(Material provided):
-- Opening Marker --

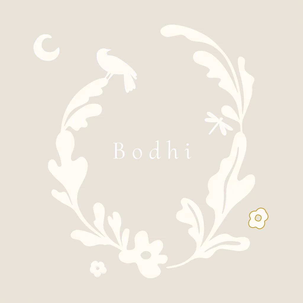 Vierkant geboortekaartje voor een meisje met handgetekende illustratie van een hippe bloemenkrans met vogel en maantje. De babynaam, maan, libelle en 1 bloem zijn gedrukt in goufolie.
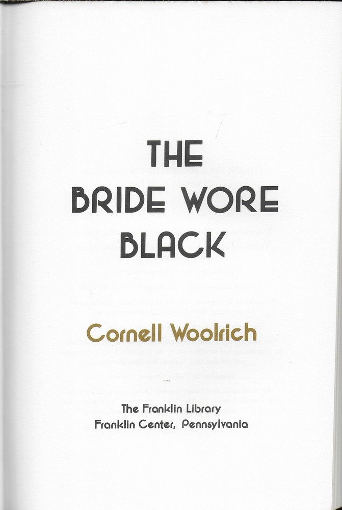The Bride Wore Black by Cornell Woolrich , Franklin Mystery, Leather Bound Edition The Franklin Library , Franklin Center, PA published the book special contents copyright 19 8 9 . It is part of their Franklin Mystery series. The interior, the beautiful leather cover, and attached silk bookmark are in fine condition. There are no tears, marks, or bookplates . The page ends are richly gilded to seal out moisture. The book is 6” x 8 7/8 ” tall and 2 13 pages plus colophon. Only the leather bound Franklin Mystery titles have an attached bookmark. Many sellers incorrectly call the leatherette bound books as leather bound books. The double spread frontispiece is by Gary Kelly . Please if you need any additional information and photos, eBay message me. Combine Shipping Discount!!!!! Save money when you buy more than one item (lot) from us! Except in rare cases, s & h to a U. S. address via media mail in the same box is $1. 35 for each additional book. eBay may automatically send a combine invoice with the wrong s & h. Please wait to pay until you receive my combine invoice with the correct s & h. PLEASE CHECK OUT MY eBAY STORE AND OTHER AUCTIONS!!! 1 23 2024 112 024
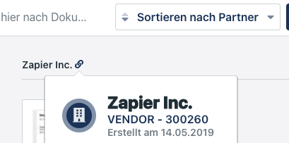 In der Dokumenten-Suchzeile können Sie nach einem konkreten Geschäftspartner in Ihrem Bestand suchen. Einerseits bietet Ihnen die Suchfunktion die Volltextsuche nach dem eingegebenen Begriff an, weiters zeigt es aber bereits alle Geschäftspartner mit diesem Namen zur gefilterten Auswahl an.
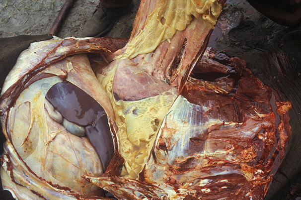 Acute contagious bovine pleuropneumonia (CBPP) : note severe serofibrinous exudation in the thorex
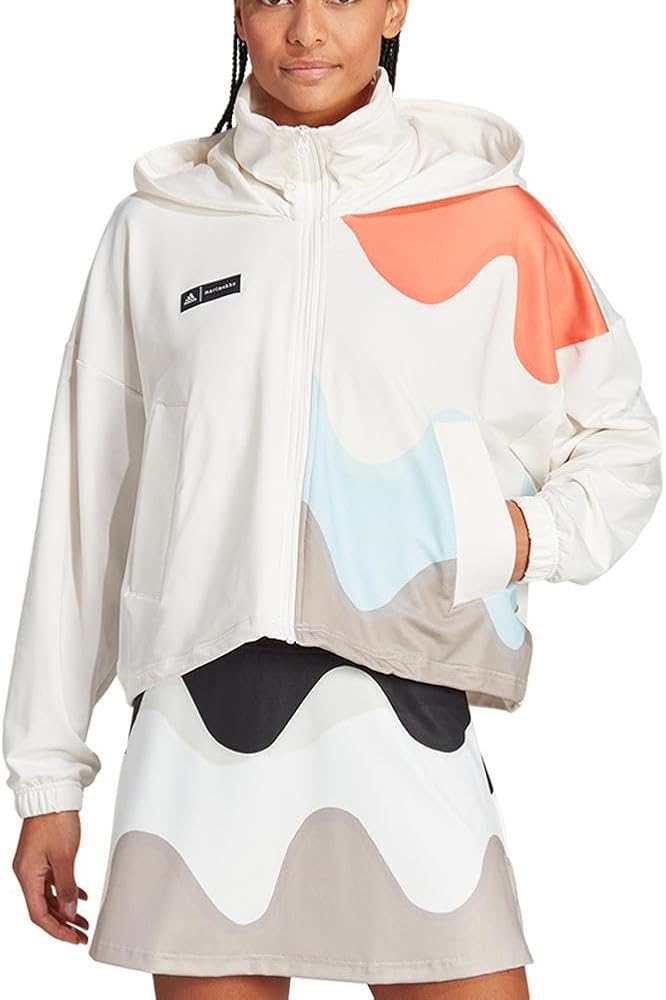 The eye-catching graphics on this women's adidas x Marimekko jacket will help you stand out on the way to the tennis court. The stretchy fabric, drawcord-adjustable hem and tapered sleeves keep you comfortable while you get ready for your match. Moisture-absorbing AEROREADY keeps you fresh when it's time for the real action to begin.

-- Closing Marker --
-- Opening Marker --

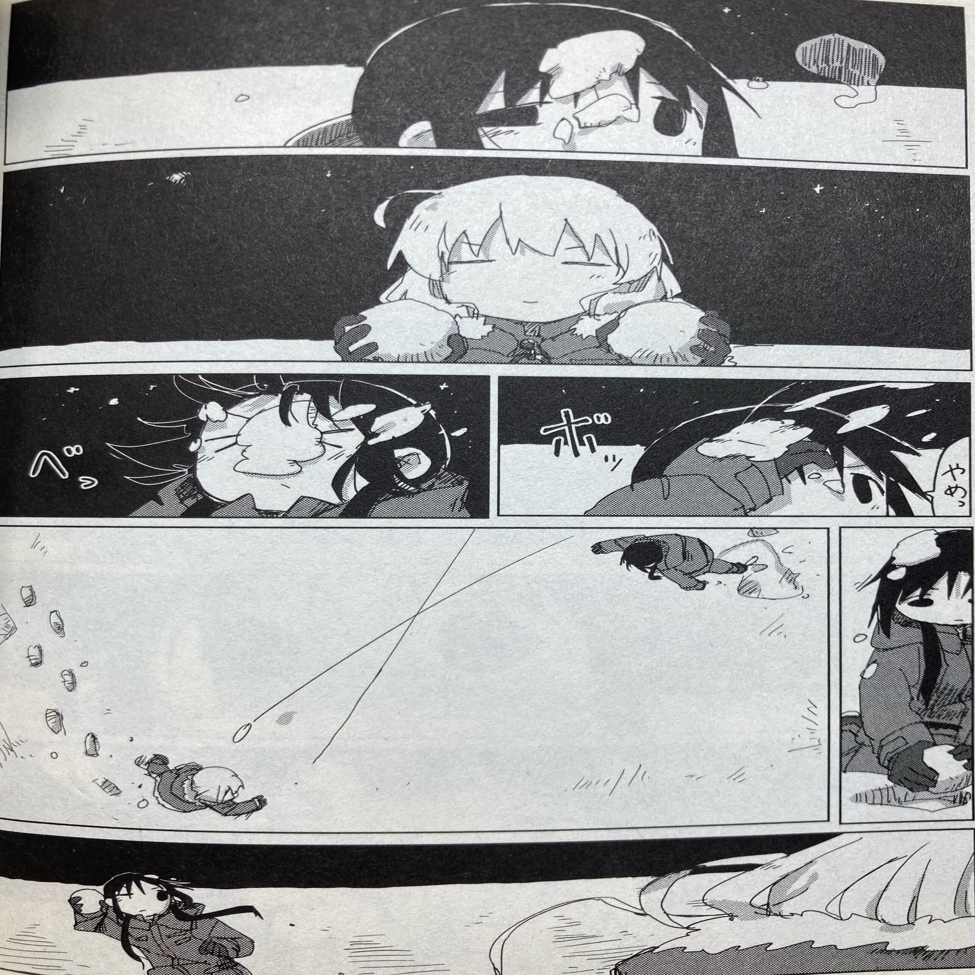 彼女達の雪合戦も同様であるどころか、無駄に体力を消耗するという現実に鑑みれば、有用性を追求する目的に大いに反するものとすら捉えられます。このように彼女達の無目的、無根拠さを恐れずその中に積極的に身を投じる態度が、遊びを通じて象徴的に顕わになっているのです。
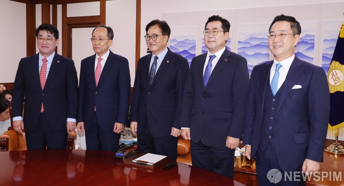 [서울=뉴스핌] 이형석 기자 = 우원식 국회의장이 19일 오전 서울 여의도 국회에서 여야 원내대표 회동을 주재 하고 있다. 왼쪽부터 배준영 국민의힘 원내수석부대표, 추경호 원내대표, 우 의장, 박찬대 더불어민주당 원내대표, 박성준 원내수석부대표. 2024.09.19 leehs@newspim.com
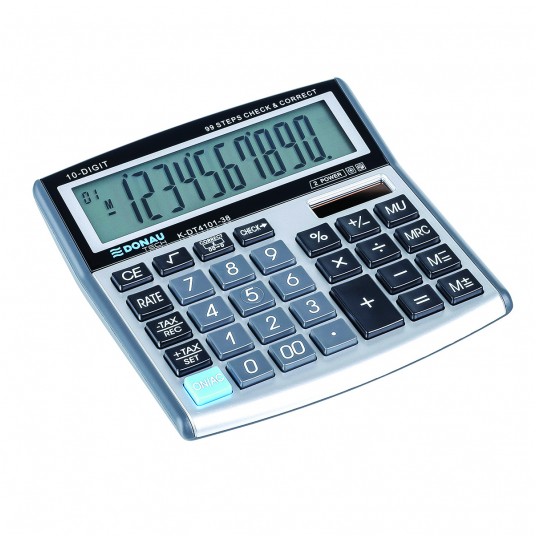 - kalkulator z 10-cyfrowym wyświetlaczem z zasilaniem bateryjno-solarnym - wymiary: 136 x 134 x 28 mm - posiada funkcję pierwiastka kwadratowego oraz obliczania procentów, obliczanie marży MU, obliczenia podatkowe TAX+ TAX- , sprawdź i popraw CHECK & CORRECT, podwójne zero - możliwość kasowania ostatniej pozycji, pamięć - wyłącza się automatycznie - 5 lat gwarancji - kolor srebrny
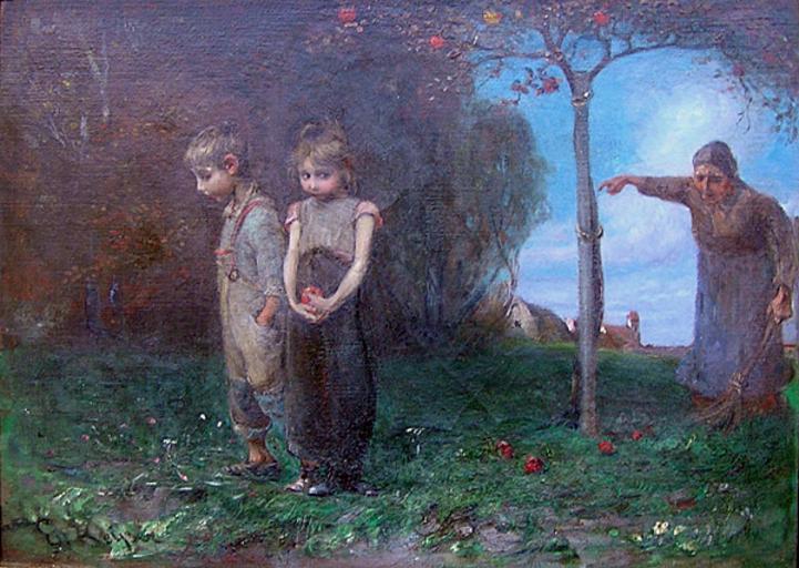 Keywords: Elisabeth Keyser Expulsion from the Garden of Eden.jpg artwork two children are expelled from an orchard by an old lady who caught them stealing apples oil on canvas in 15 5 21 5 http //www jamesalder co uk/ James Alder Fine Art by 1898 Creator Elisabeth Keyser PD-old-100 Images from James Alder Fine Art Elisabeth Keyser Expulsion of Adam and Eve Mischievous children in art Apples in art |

-- Closing Marker --

Reproduce, word for word, everything in the listing above from the line containing "Vierkant geboortekaartje voor" down to the line containing "The eye-catching graphics", both of them included. No pictures.

 Vierkant geboortekaartje voor een meisje met handgetekende illustratie van een hippe bloemenkrans met vogel en maantje. De babynaam, maan, libelle en 1 bloem zijn gedrukt in goufolie.
The Bride Wore Black by Cornell Woolrich , Franklin Mystery, Leather Bound Edition The Franklin Library , Franklin Center, PA published the book special contents copyright 19 8 9 . It is part of their Franklin Mystery series. The interior, the beautiful leather cover, and attached silk bookmark are in fine condition. There are no tears, marks, or bookplates . The page ends are richly gilded to seal out moisture. The book is 6” x 8 7/8 ” tall and 2 13 pages plus colophon. Only the leather bound Franklin Mystery titles have an attached bookmark. Many sellers incorrectly call the leatherette bound books as leather bound books. The double spread frontispiece is by Gary Kelly . Please if you need any additional information and photos, eBay message me. Combine Shipping Discount!!!!! Save money when you buy more than one item (lot) from us! Except in rare cases, s & h to a U. S. address via media mail in the same box is $1. 35 for each additional book. eBay may automatically send a combine invoice with the wrong s & h. Please wait to pay until you receive my combine invoice with the correct s & h. PLEASE CHECK OUT MY eBAY STORE AND OTHER AUCTIONS!!! 1 23 2024 112 024
 In der Dokumenten-Suchzeile können Sie nach einem konkreten Geschäftspartner in Ihrem Bestand suchen. Einerseits bietet Ihnen die Suchfunktion die Volltextsuche nach dem eingegebenen Begriff an, weiters zeigt es aber bereits alle Geschäftspartner mit diesem Namen zur gefilterten Auswahl an.
 Acute contagious bovine pleuropneumonia (CBPP) : note severe serofibrinous exudation in the thorex
 The eye-catching graphics on this women's adidas x Marimekko jacket will help you stand out on the way to the tennis court. The stretchy fabric, drawcord-adjustable hem and tapered sleeves keep you comfortable while you get ready for your match. Moisture-absorbing AEROREADY keeps you fresh when it's time for the real action to begin.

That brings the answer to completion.